Le symbolisme de ce geste toucha Jules - elle aussi faisait partie des 100 - mais elle connaissait les coutumes des Natifs et avait appris à vivre au sein de cette culture. Elle espérait que les autres délinquants ne se sentiraient pas insultés.
“- Il ne vous en sera pas tenu rigueur si vous refusiez cette offrande, reprit Lexa, elle aussi inquiète. Je présente mes excuses au nom de Trikru dans le cas où ce totem serait perçu comme une insulte. Je peux vous assurer qu’il n’y a aucune intention malveillante derrière ce geste.”
Harper déglutit avant de finalement prendre la parole.
“- Merci. J’apprécie, et je sais que les autres apprécieront aussi. C’est un geste très délicat.
- Je suis contente que tu le prennes ainsi. Le totem est toujours attelé à la calèche, si tu veux, je peux demander qu’on le déplace vers votre nouveau camp.
- Je vais rassembler les autres et on s’en occupera ! Ça ne prendra pas longtemps !

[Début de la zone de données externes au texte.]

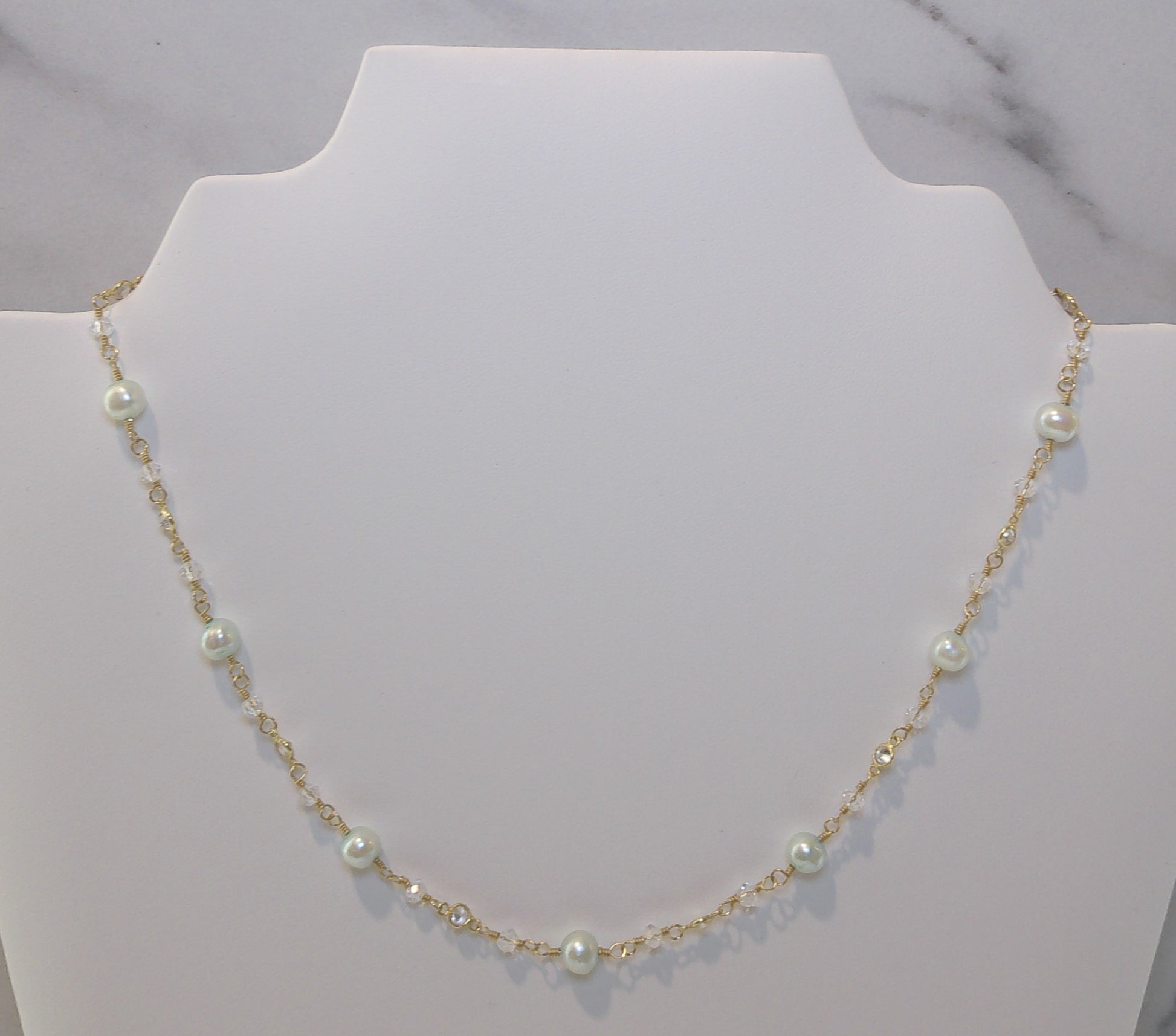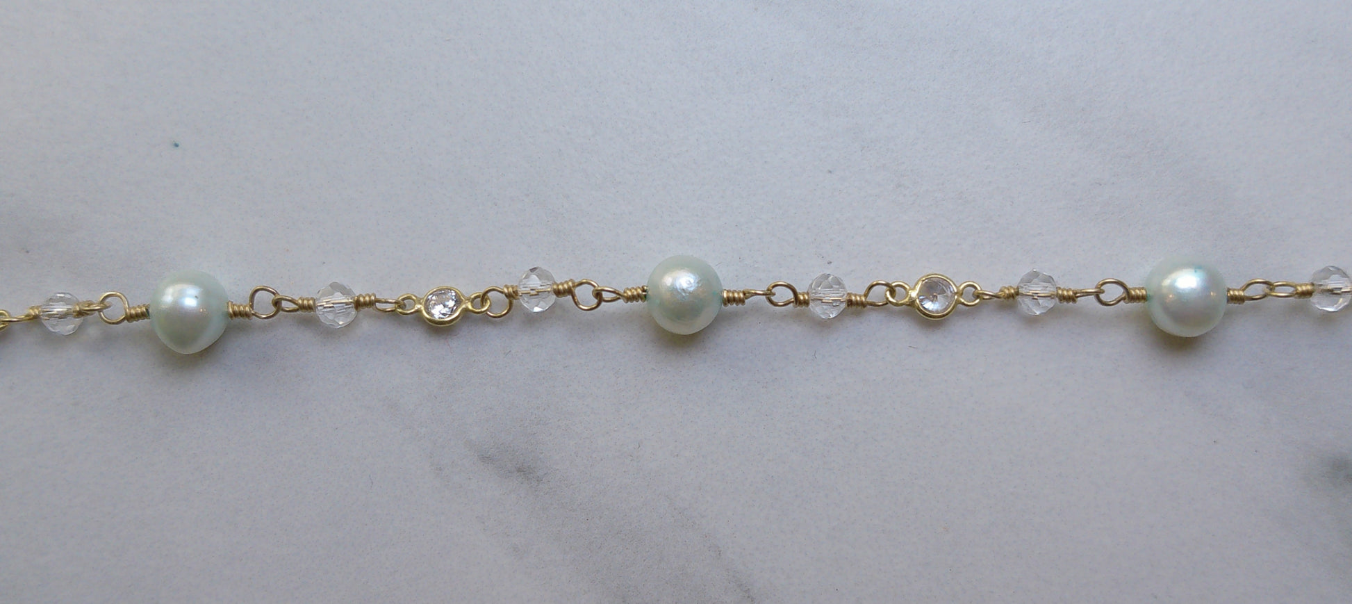 - Aqua Freshwater Pearls, Crystal Beads & 3mm CZ Bezel Connectors
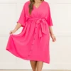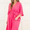 Make this amazing dress all yours! It has a lovely hot pink color with a flowy, figure flattering fit that is just in time for the season! The waist tie is super cute and trendy! Throw on this beauty with heels and cute accessories for your next adventure!

- Les aut- ? Tu veux organiser une cérémonie maintenant ? comprit Jules.
Vous êtes rarement à Arkadia, Octavia, Clarke et toi, c’est l’occasion rêvée !
- Octavia est là ?
- On se retrouve à la navette dans une heure ! Ne sois pas en retard !
- Attends, Harper, je -”
Trop tard, elle était déjà partie. Le cadeau avait eu l’effet escompté, c’était déjà ça… même si Harper était un peu trop impatiente d’en profiter. C’était cool, une cérémonie pour honorer les morts, super… Et elle n'avait pas tort, on pouvait compter sur les doigts d'une main le nombre de fois où les 100 s'étaient tous réunis à Arkadia - même Bellamy n'était pas si loin et aurait pu assister de loin si on le prévenait tout de suite, mais… Il n'était même pas encore midi, et Jules avait déjà été coincée dans une réunion interminable, elle n'avait vraiment pas envie de revivre ça. Et puis…
“- Tu sais comment on va jusqu’à la navette ? demanda Lexa.
- Pas la moindre idée.
- Tu sais où est Klark ?
- Elle a dit qu’elle allait à la salle de contrôle.
- Où est la salle de contrôle ?
- Je sais même pas ce que c’est.
- Bonne chance, je vais me reposer dans la calèche si tu as besoin de moi.
- Pas question, c’est ton con de caillou qui m’a mis dans ce bordel. Si je dois ramper dans des tunnels avant l’heure du déjeuner, je t’entraîne avec moi.”